By examing several DLLs I have in my windows machine (for instance KERNEL32.DLL) I've notice that none of their sections, not even the read only data section have the IMAGE_SCN_MEM_SHARED flag set.
DLLs are mapped from the .dll file so only when you read a page of the file it is copied to physical memory but still, if the same page of let's say kernel32.dll is accessed by both process A and process B then the page will exist twice in physical memory. I am asking for the veracity of this last statement.
If the .text or the .rodata segment where shared they would get copied to physical memory only onced, even when ASLR is enabled because what ASLR does is randomize the base of a module when it is first loaded (with corresponding relocations applied) but the next process that loads this module untill system restart will get the module at the same address so the .text and .rodata could be shared in the same manner.
These are all assumptions I made, please correct me.
Thanks!
The OS will definitely be able to map multiple virtual addresses to the same physical memory page, as long as the page content does not (need to) change [in different ways for different processes]. However, if the code uses an absolute address (either internally or externally to the DLL), for example a vtable/function pointers, pointers to global data (constant or non-constant) or simply function calls with absolute addresses, the address must be modified to match the actual address given by the OS to that section of memory. This is called "relocation".
So, at least in theory, you can share the same DLL even with address space randomization, it just requires a little more work from the compiler and/or programmer. In particular, it requires that there are no relocations (in large chunks of the code). If the code has absolute addresses that are relocated based on the code-address, then it will need to have one copy per DLL.
I don't actually know how the OS deals with this. A simple solution is obviously to randomize the address only once per DLL (until that particular DLL is unloaded), regardless of how many applications use the same DLL. It still makes it rather hard for an outsider to know what address the DLL is loaded at, since it will load at a different address each time it gets loaded the first time (and more importantly, it will not be a static value for ALL machines using the same version of OS, which would be the case without this feature). It does, however, mean that long-running processes can be "inspected" by copying content from for example the stack that has known content. Web servers, database servers and system services are typically long-running processes, and as such will have different addresses only when the system is "shut down" (or at least the long running process is restarted).
The second, slightly trickier version is to check if a particular page (typically 4KB region of memory) has relocations, and share all the pages that have no relocation. Relocated pages need to have one copy per base address. It is typical to have "all references to external resources" in one block in DLL's (a "thunk section"), so the typical big part of a DLL wouldn't regardless of what the base address of the code, which means that is definitely a workable solution.

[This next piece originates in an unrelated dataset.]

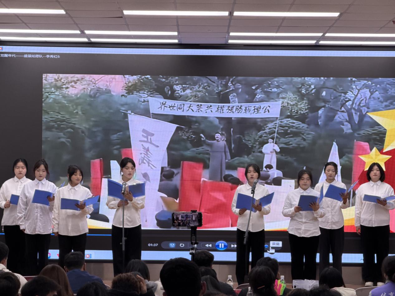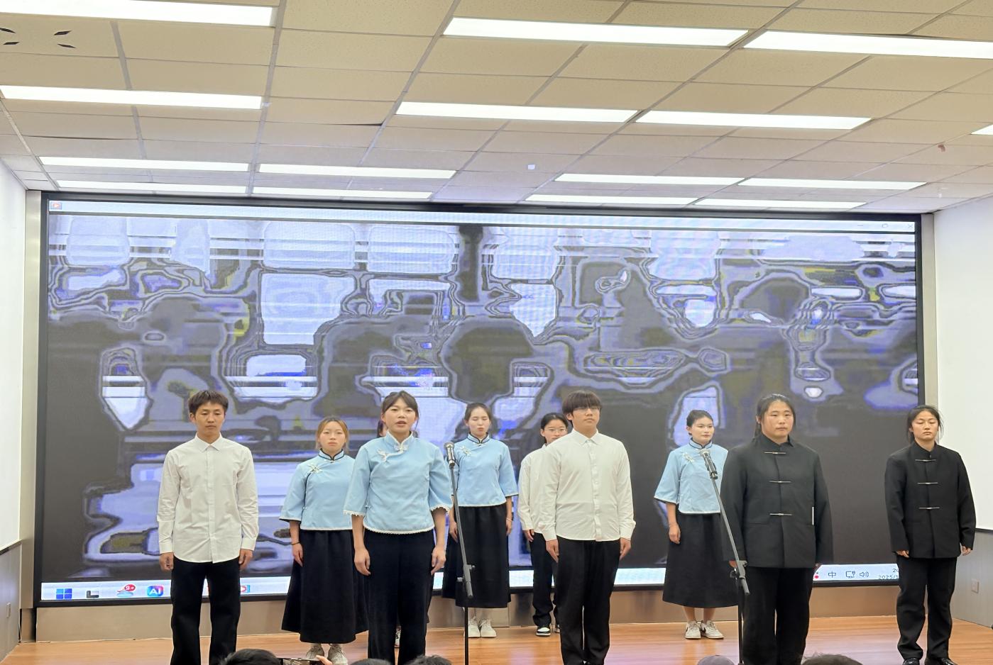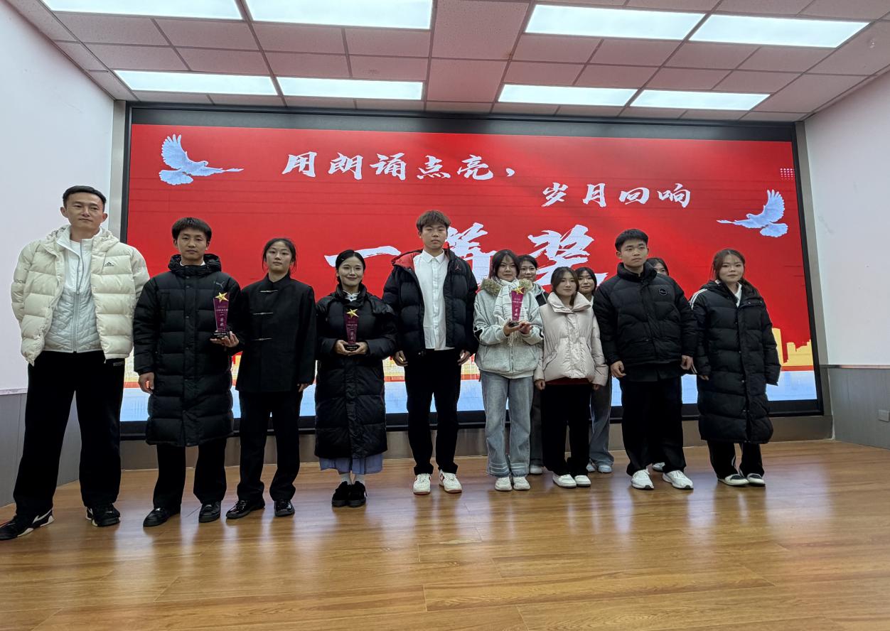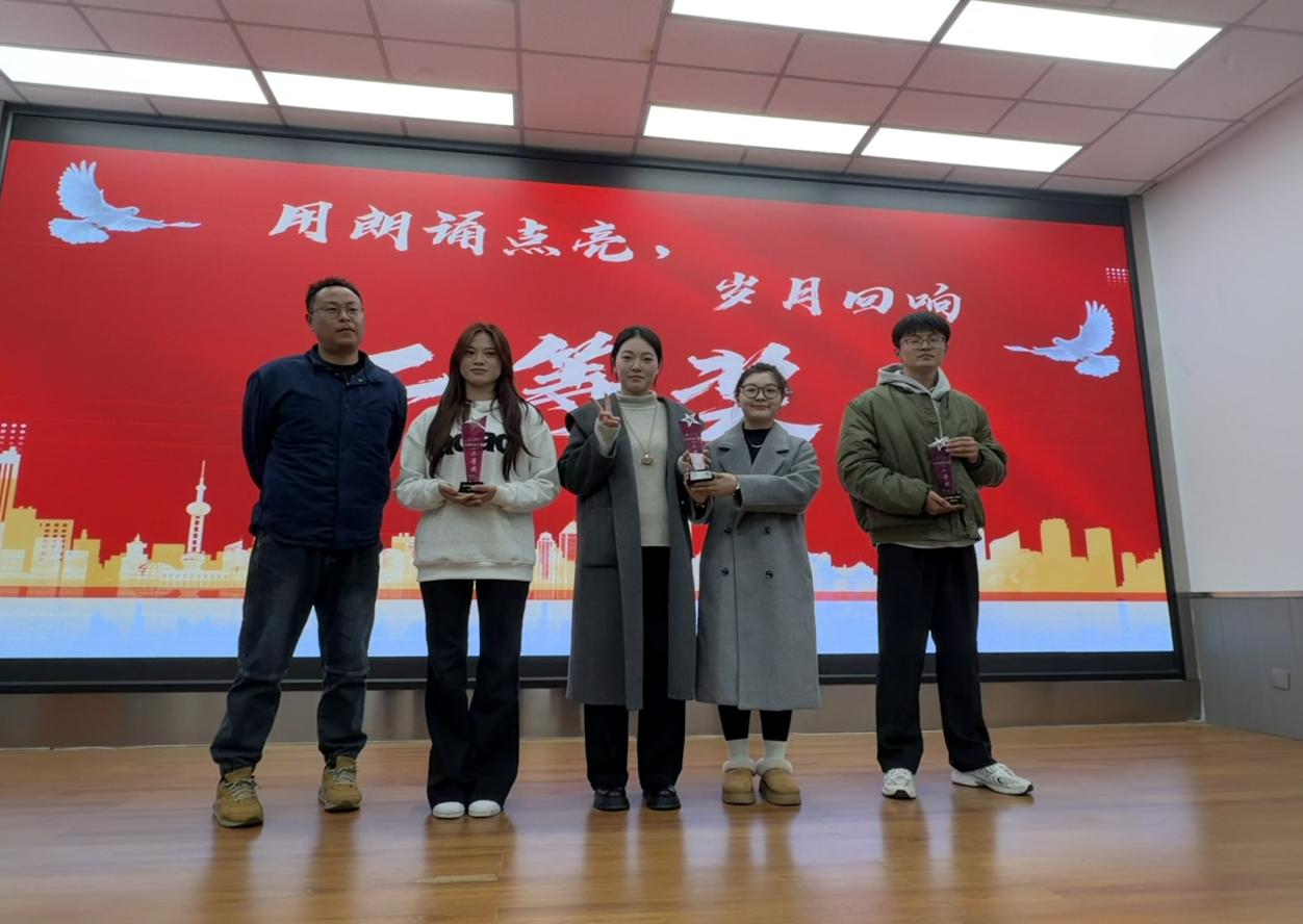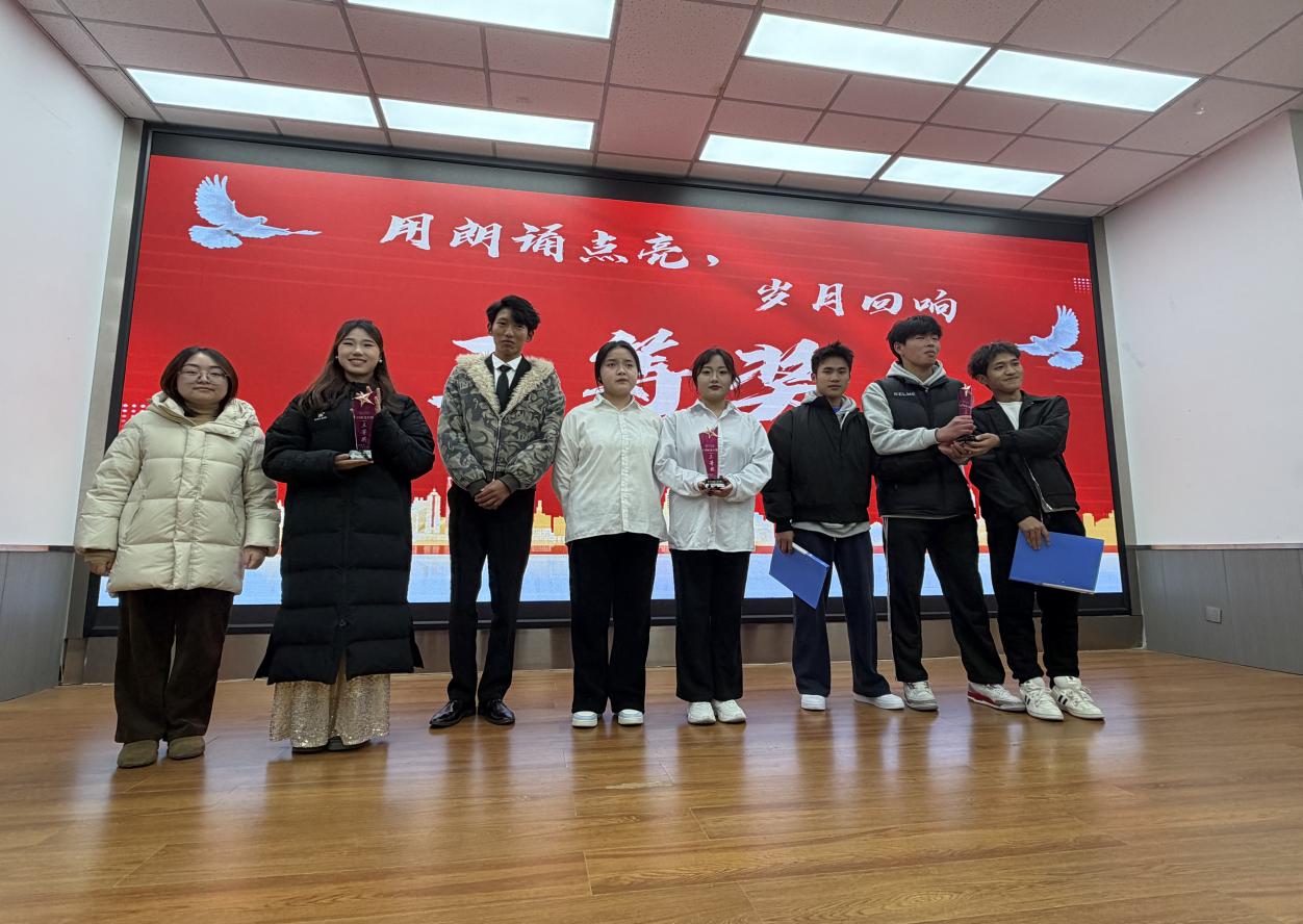 刘卓雅组用真挚的情感诠释了对华夏的挚爱;党支部团队带来《以青春之名,承百年薪火》,身着传统服饰,于水墨背景中展现青春担当。两组表演形式各异,均彰显了学子们激昂的青春风采与坚定的理想信念。经过激烈角逐,共评选出一等奖3名、二等奖3名、三等奖3名。

If neither of these schemes "work" in the OS, then you have to load the same DLL multiple times. This clearly works from the perspective of the OS anyway, as prior to ASLR, the base-address of the same DLL will need to be moved in case of two DLL's trying to load at the same address (for example DLL's produced by different vendors, that happen to pick the same base-address for the code, or the classic and common "I never gave a base address, so it uses the default address") - the OS will resolve such conflicts by changing the base address of the one loaded first.
As to the meaning of IMAGE_SCN_MEM_SHARED
, I would have thought that the developer would request this, where the sharing of pages in a DLL is done automatically. In other words IMAGE_SCN_MEM_SHARED
will be set by the developer of a particular DLL or EXE to signify the content should be shared with other users of the same content, rather than "the OS can share it if it can be done without the user of the content noticing" (which is certainly the case for sharing code, and (writeable) data is typically not shared between DLL's. Read-only data, as long as it has no relocations, can of course implicitly be shared [the user of that content can not tell if it is shared or not].